Era una domanda così strana?
Io e Michele ci guardammo imbarazzati.
- Farebbe meglio a controllare come sta suo figlio.
Si girò verso il mio coinquilino, ridacchiando. - Non avrai mica...
lo interruppi io, imbarazzata. - Si, l'ha fatto.
- Allora tu sei quella Chiara.
Avrei voluto sprofondare o, ancora meglio, tirarmi un altro punto in fronte.
- Vedo che suo figlio le ha parlato di me.
Lui annuì soltanto per poi sparire nuovamente.
La nottata passò tranquilla. Io mi accomodai sulla poltrona che il dottore mi aveva preparato e prima di dormire guardammo insieme un po' di video su YouTube.
La mattina successiva, il risveglio fu un po' tragico.

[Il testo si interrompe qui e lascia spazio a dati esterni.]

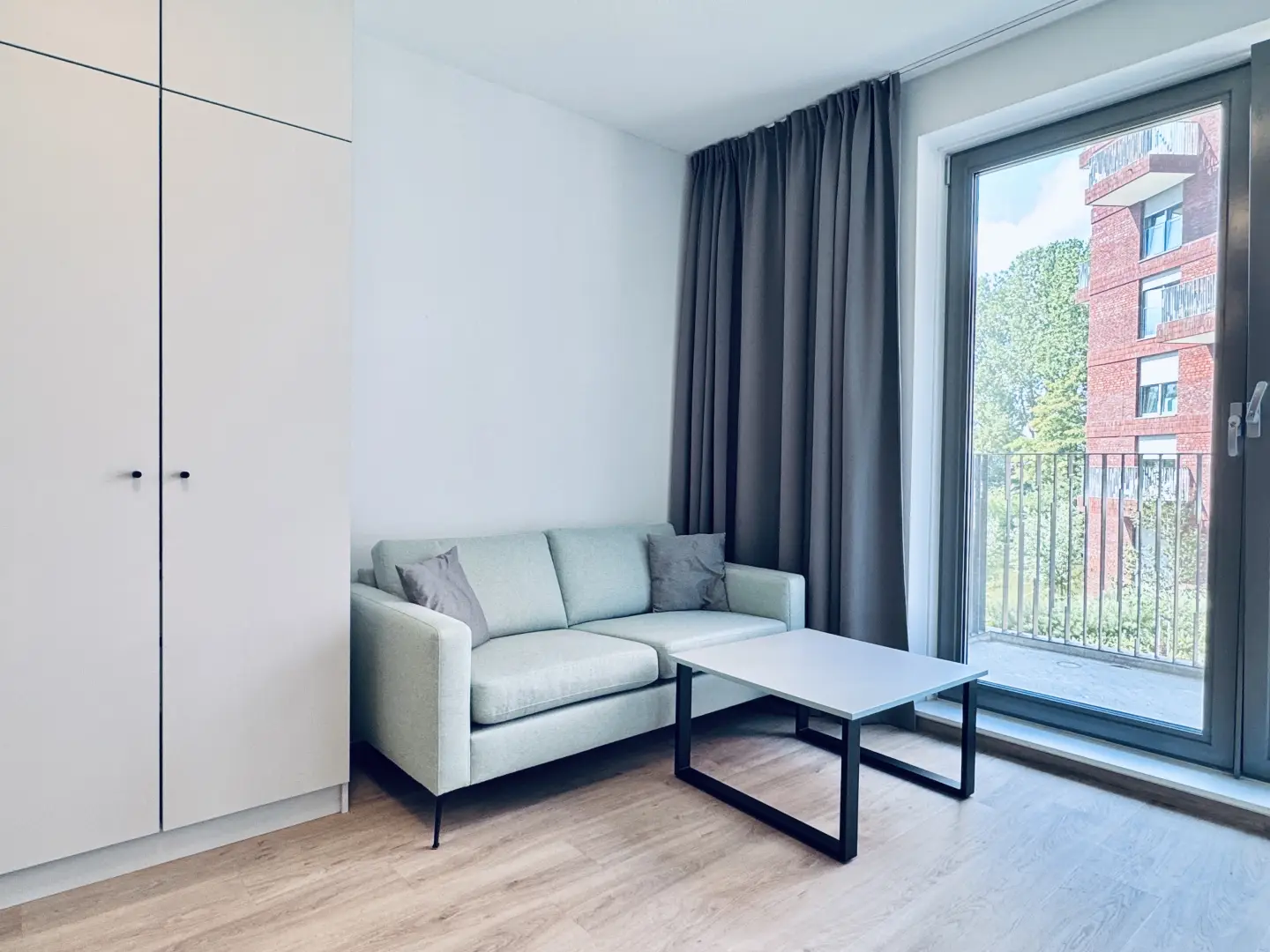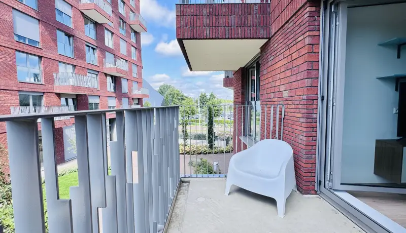 The kitchen is fully equipped with an oven/microwave-combination, stove, sink, refrigerator and a dishwasher. You won’t have to worry about cleaning dirty dishes yourself. Pots, pans and cutlery are not included. This specific Studio has nice, large, inward opening windows with a private balcony

Avevo ancora una sensazione di ovattato nella testa e Michele non era affatto messo meglio: diceva di avere dolori ovunque e non ne dubitavo affatto.
Quando il padre di Davide venne a controllarci prima di lasciarci andare, cercai di tagliare corto per evitare altri discorsi imbarazzanti. Presi il moro per un braccio e lo trascinai via mentre parlavo.
- È stato davvero un piacere rivederla. Arrivederci.